Higher interest rate expectations tend to pressure non-yielding assets such as gold and silver, which do not offer income. Rising oil and gas shipping costs linked to tensions near the Strait of Hormuz have added to inflation fears, reinforcing expectations that central banks may remain cautious about cutting rates. In addition, profit-taking has played a role, especially in silver. After surging to an all-time high of $129.64 per ounce in January, silver remains more than 161% higher year-on-year despite recent pullbacks. Gold, which reached a record $5,594.82, is still dramatically higher than a year ago, even after its latest dip.
Despite the price retreat, investor demand on BullionVault remains robust. The total number of people buying gold fell 14.1% in February from January’s record count, while the number of sellers dropped 31.1% from its own record high. The Global Gold Investor Index edged just 0.1 points below January’s 62-month high, reading 58.4. The total number of gold owners rose again, setting a ninth consecutive all-time high as March began. Silver buying also cooled from January’s record, down 20.7%, while sellers fell 35.2%. The Silver Investor Index slipped to 63.7 from January’s 69-month peak. Crucially, investor demand for silver outweighed profit-taking for the first time in six months, lifting total client holdings 0.6% higher to 1,332 tonnes, now worth $3.2 billion, up 184.2% from a year earlier.
Gold holdings by weight fell 0.3% in February, marking a fourth monthly decline and leaving total holdings just below 43.4 tonnes, the lightest in 69 months. Yet, by value, those holdings have surged 80.9% year-on-year to a record of over $7.2 billion.
In short, existing owners are using price spikes to take modest profits, while new investors are using dips to initiate or build positions. The value of physical metal traded on BullionVault retreated 29.1% in February from January’s record above $1.1 billion, totaling $789 million. Even so, that level of activity remains historically elevated. February would have set a new record for first-time precious metal buyers had it not followed January’s extraordinary surge.
Looking ahead, the key question for markets is whether precious metals will resume their climb or remain under pressure. In the short term, a stronger dollar and firm interest rate expectations could keep prices volatile. But if geopolitical tensions intensify or inflation data surprises to the upside, safe-haven demand may quickly return. Some analysts suggest gold could test $5,600 per ounce if there are no signs of de-escalation in the Middle East.

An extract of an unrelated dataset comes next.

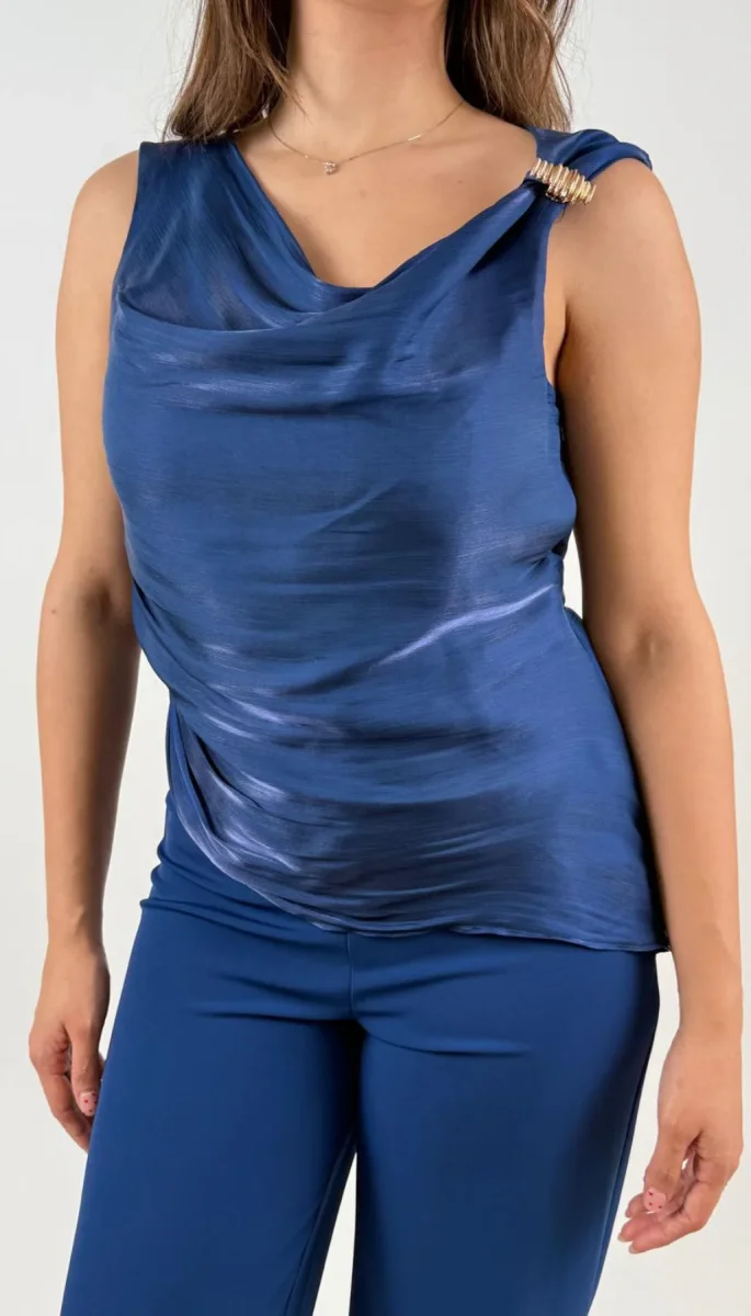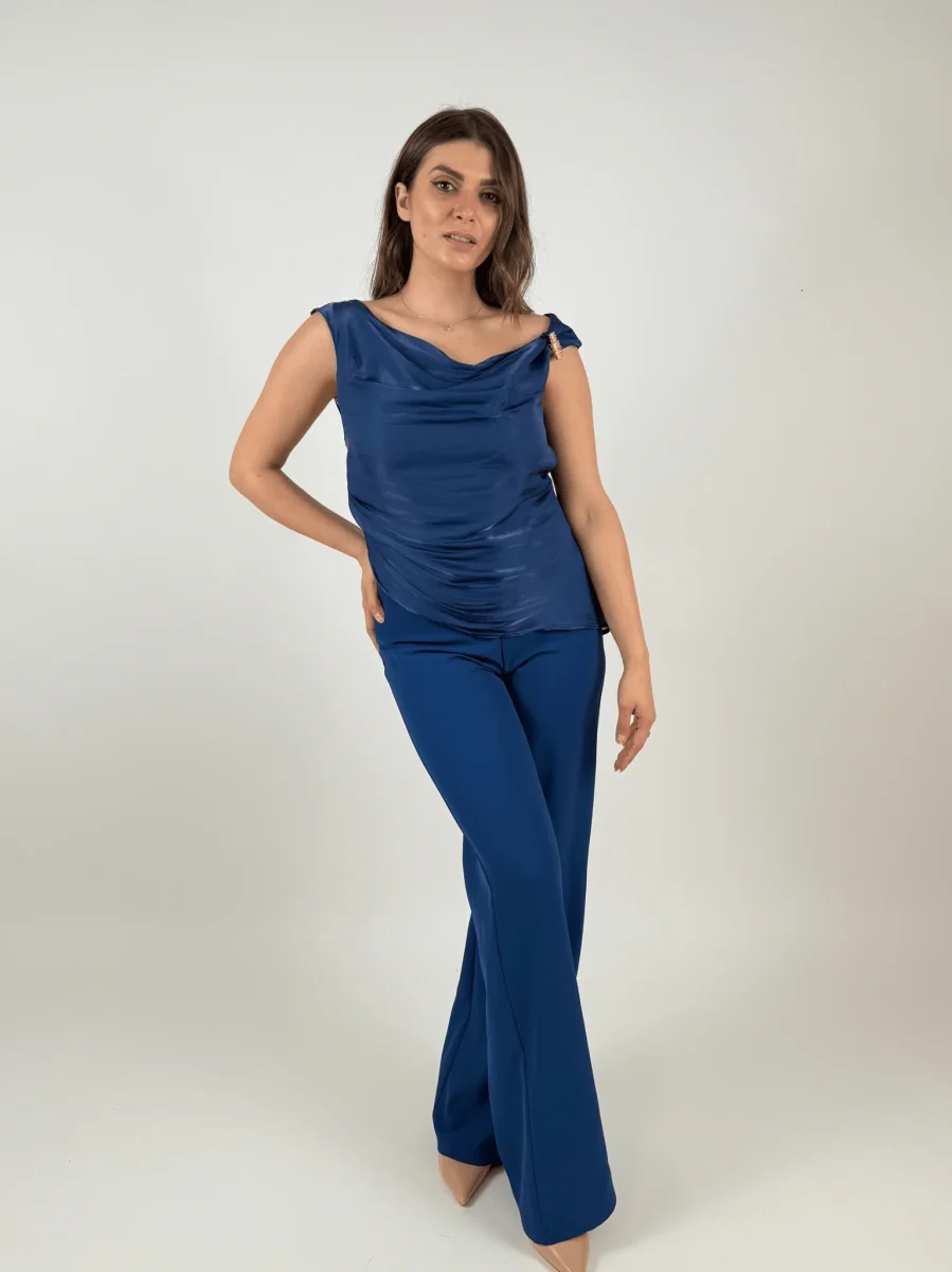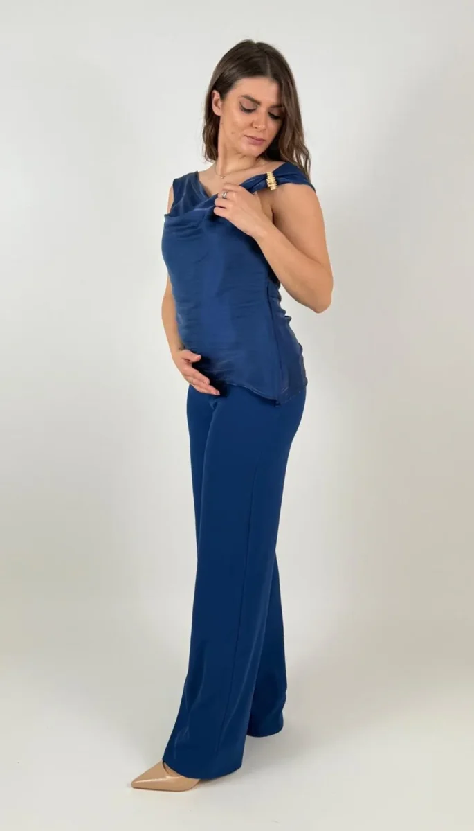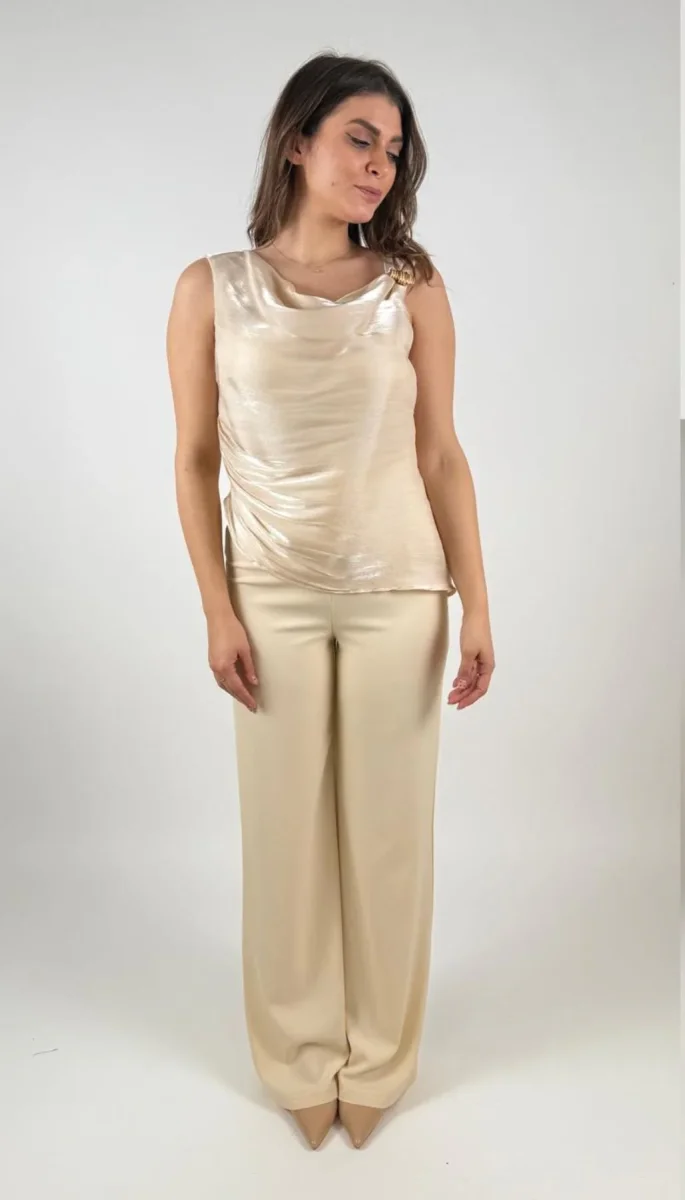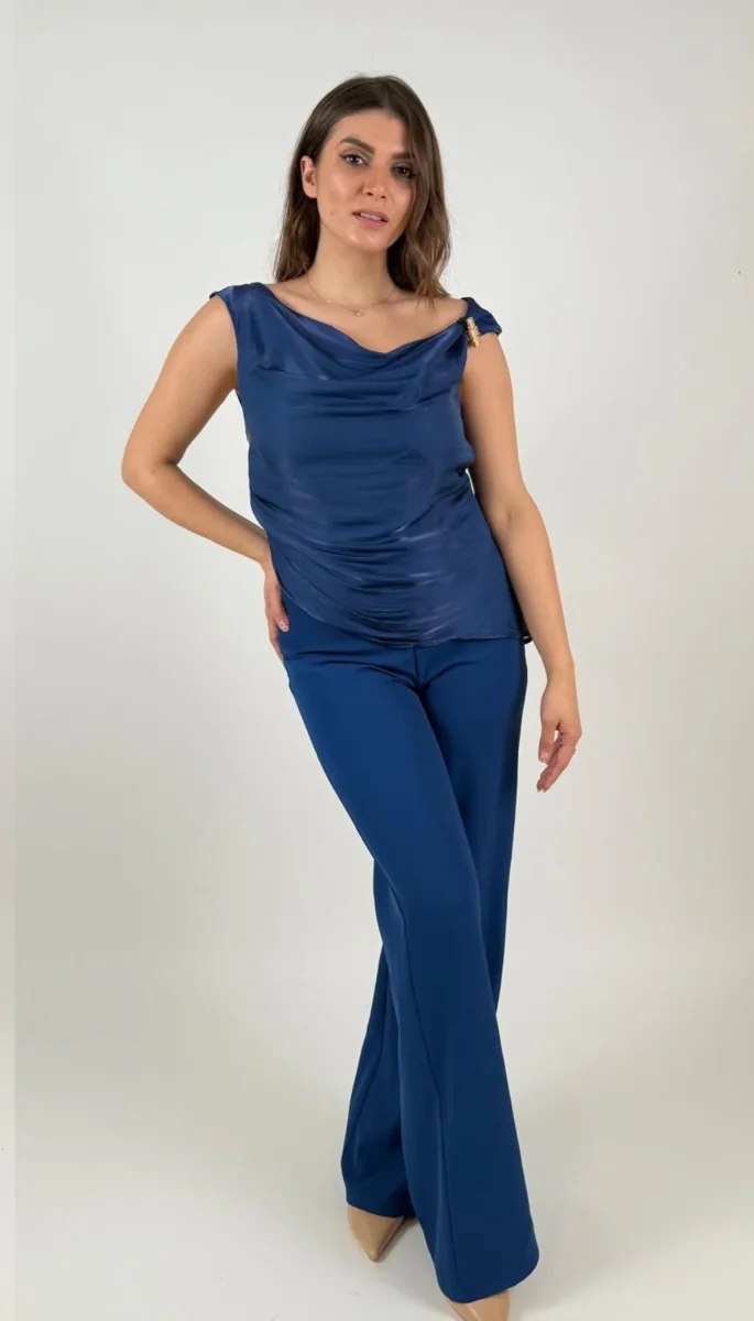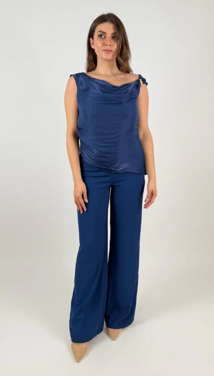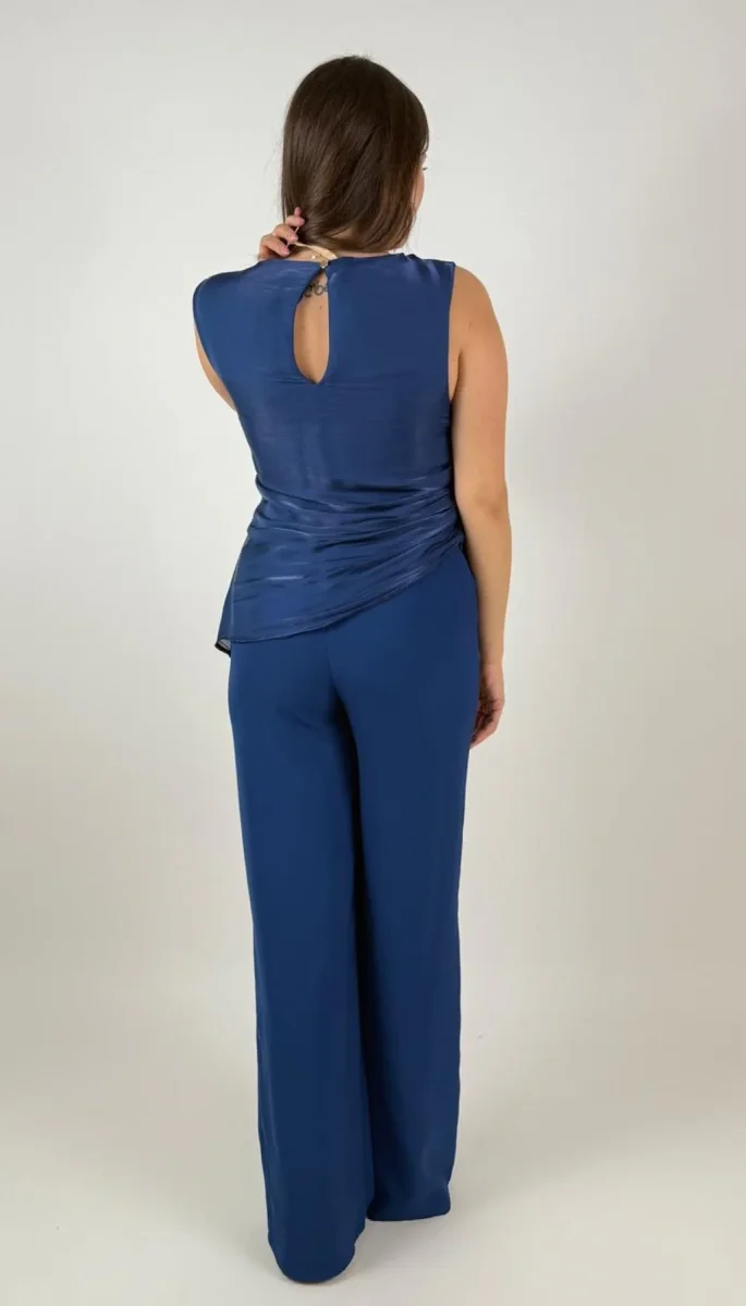 Elegante tuta intera a gamba larga in tessuto fluido e leggermente lucido che scivola sulla silhouette senza segnarla. Scollatura drappeggiata con chiusura gioiello sulla spalla e morbido incrocio asimmetrico in vita. Perfetto per cerimonie, cocktail e feste serali.

More importantly, the long-term drivers of today’s precious metals bull market remain firmly in place: ballooning government debt, persistent inflation concerns, fears of overvalued technology stocks, and a broader breakdown in geopolitical order. In a year defined by uncertainty, gold and silver have reached record after record. Even as prices pull back amid dollar strength and rate worries, investor appetite shows little sign of fading.
Gold and silver have never been more popular in the 21 years since BullionVault first opened. And while short-term volatility may test nerves, the strategic case for holding hard assets appears stronger than ever.